In the corner store, 3501, is where I found him this time.
Hunched over his desk in the same place I left him, cold, but responsive; it’s happened again. I dropped my bag at the front door and began to clean up the mess he had made, picking up the bottles strewn along the entryway as the clock chimed six; I always hated that noise.
It made me uncomfortable to see him like this, because this is not who I remember. He used to be formidable, standing outside of the fire department with his old uniform on, his hand on his helmet that day I came to take pictures. I would come by on Wednesdays and we would sit outside on a bench and he would tell me funny stories of cats in trees and buy me chocolate bars from the gas station.
He used to come to the store and pick me up from behind, swing me around on my heels and kiss me slowly, before The Thing happened.
Every time the fire alarm rang I used to get nervous, and he would kiss me on the forehead and tell me he was invincible. He called himself the invincible man, and for the longest time I believed him.
We were young then, and we had plans.
There was a map in the living room that was covered in bright push pins. Each and every place we wanted to go, stuck on the wall with yellow yarn connecting locations. A plan that had been forming for ten years or so. After The Thing happened, I used to sit and just look at it. I don’t know why I left it up there until now, perhaps I had hoped it would make things better, maybe I thought we could go back to those days, booking last minute flights and wandering off in the middle of nowhere and making love in the woods.
The map sat on a large cork board, and every so often we would attach a ticket from somewhere we went, removing the push pin and repurposing it. It was an odd way to do things, given that most people would mark where they went, not where they wanted to go, but I liked all the colorful pins, I had found them at a flea market somewhere. It seems like a million years ago.
The Terrible Thing happened one night on the corner of Ridgely Street at around three in the morning. He couldn’t save her, but he didn’t believe that. He couldn’t save any of them, sometimes that’s how a fire works. He had his very first drink the next day, and now I am left with living ashes.
It wasn’t his fault, you have to understand.
He looks at me now the same way he always does, apologetic and sorry, and I know he is, and I hope he knows I am too.
I put my arms around him and stayed there for far longer than I should, there are places to go and things to see after all, and I knew he couldn’t come with me.
“There are two men waiting outside, and I want you to go with them.” I whispered this in his ear and stroked his hair, even though I knew he couldn’t hear me, and I cleaned off the places where my tears had touched his skin.
I want places to go, I want people to see.
I let go and began to pick up the bottles, waving through the window before grabbing the garbage bags. The two men came in and picked him up by each arm, gently placing him in the backseat. I wondered what would happen when he woke up, if he would know what I had done, if he would hate me.

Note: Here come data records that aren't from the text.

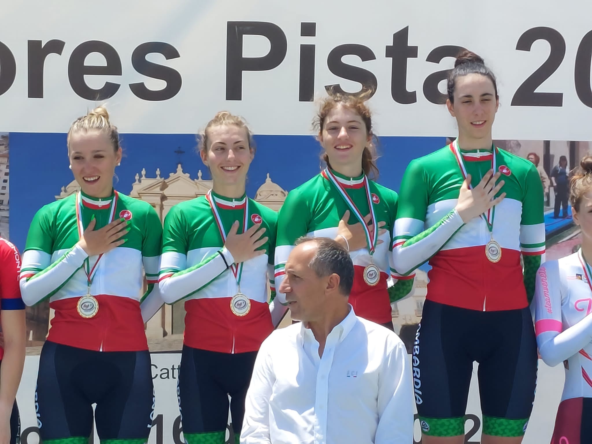 Il quartetto femminile della Lombardia, composto da Camilla Locatelli (Vo2 Team Pink), Marta Pavesi e Francesca Pellegrini della Valcar – Travel & Service e Federica Venturelli (Gs Gauss – Fiorin), ha conquistato il titolo italiano dell’Inseguimento a squadre Juniores.
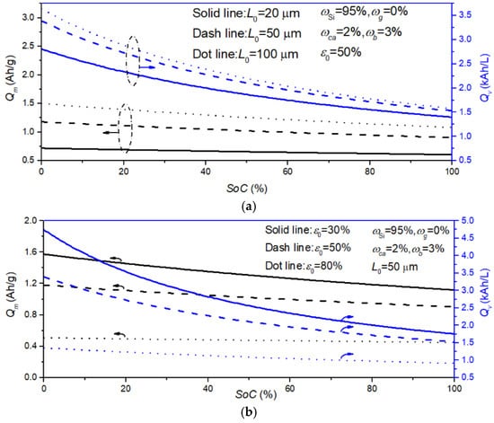 To further estimate the effects of different electrode parameters on the capacities, electrodes with different thicknesses or initial porosities are investigated, as shown in Figure 9. Apparently, both capacities reduce with increasing SoC for different cases, showing the important impacts of changes in electrode structures. Additionally, the change amplitude of the volumetric capacity is larger than that of the gravimetric capacity for different thicknesses and initial porosities, as the former is dominated by the prominent volume change of the electrode. As expected, the gravimetric and volumetric capacities decrease with decreasing electrode thickness and increasing initial porosity, showing that developing electrodes with high thickness and low porosity is an efficient solution for high-capacity LIBs. In light of the challenges of poor rate performance and electrode mechanical instability [,,], it is necessary to tailor the electrode thickness and the initial porosity for high-energy Si-based electrodes while considering the effects of electrode structure on the estimation of the gravimetric and volumetric capacities.
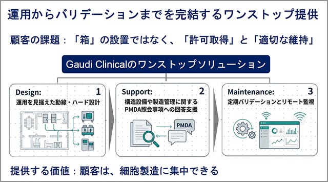 Gaudi Clinical は、この医療機関近接型コンパクト細胞製造ユニット Gaudi Clinical「KiOSK」(据置型室圧可変式小型クリーンブース)をさらに再生医療の提供オペレーションにおける最適化をめざした検証を重ね、地域分散都市型再生医療流通網の拠点として、地域医療機関との細胞製造の委受託を展開していく。
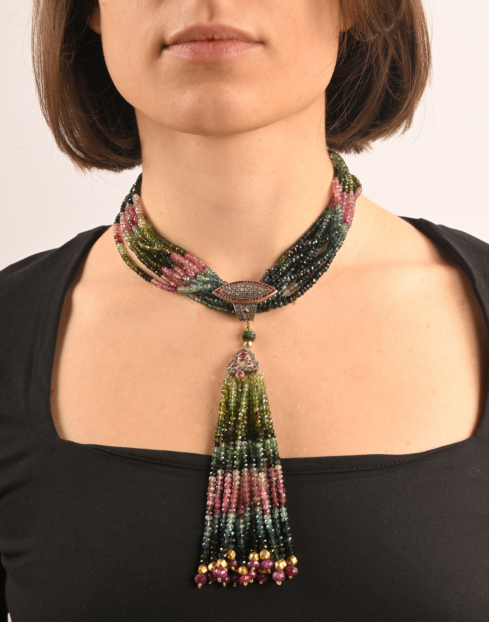 Collana in tormaline multicolor, oro, argento, diamanti e rubini

Picking up my bag I followed the men out to the van, and placed a letter in his jacket that included my apology for when he remembers.
It has been thirty days since I found him in the corner store, I know this because he called me, saying that one of the steps was to make amends, and that he never meant to let it get so bad. He said he got the postcards I sent him, and that he’s trying to make things right. I told him that I loved him, and that I’ve been to thirteen places we put on the map.
And every single time I get there, I take out this black box I stuffed away in my bag and remove one push pin and drive it deep into the ground.
And that I do for the invincible man.